Questões acerca da natureza
do Espiritismo - IV
Silvio Seno Chibeni
Neste artigo são tecidas
algumas considerações acerca da ciência oficial ou acadêmica, que serão úteis
para o esclarecimento de certas questões sobre a ciência espírita, nos artigos
subseqüentes desta série.[1]
Questão:
Costuma-se dizer que a
“ciência” aprova ou rejeita determinado ponto. O que devemos entender por isso?

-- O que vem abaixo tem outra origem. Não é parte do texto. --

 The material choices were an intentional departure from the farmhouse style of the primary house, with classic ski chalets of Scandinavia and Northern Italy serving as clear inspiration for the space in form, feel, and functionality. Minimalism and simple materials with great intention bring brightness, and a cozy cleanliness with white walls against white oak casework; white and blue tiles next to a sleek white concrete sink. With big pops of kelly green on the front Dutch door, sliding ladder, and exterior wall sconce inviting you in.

Existe realmente uma “posição oficial” da ciência? Nesse caso quais seriam os
órgãos ou pessoas que poderiam ter tal prerrogativa, de determinar a posição
oficial da ciência? Parece-nos que na época de Kardec essa frase normalmente se
referia às grandes academias e aos órgãos oficiais dos estados europeus. Há
hoje algo equivalente?
Resposta:
A autoridade de que a
ciência desfruta hoje em dia entre o público em geral pode ser aquilatada pelo
fato de ser freqüentemente explorada para induzir à aceitação de determinadas
teses, processos, sistemas políticos, produtos de consumo, etc. Há um efeito
quase que intimidador associado à rotulação de algo como ‘científico’. Bens de
consumo variados, desde cremes dentais até sofisticados aparelhos
eletrodomésticos são ditos terem sido elaborados por processos científicos, ou
submetidos a testes científicos. Geralmente despreparadas para avaliar por si
próprias se, em cada caso, a qualificação é ou não pertinente, as pessoas
tornam-se vítimas de manipulações diversas.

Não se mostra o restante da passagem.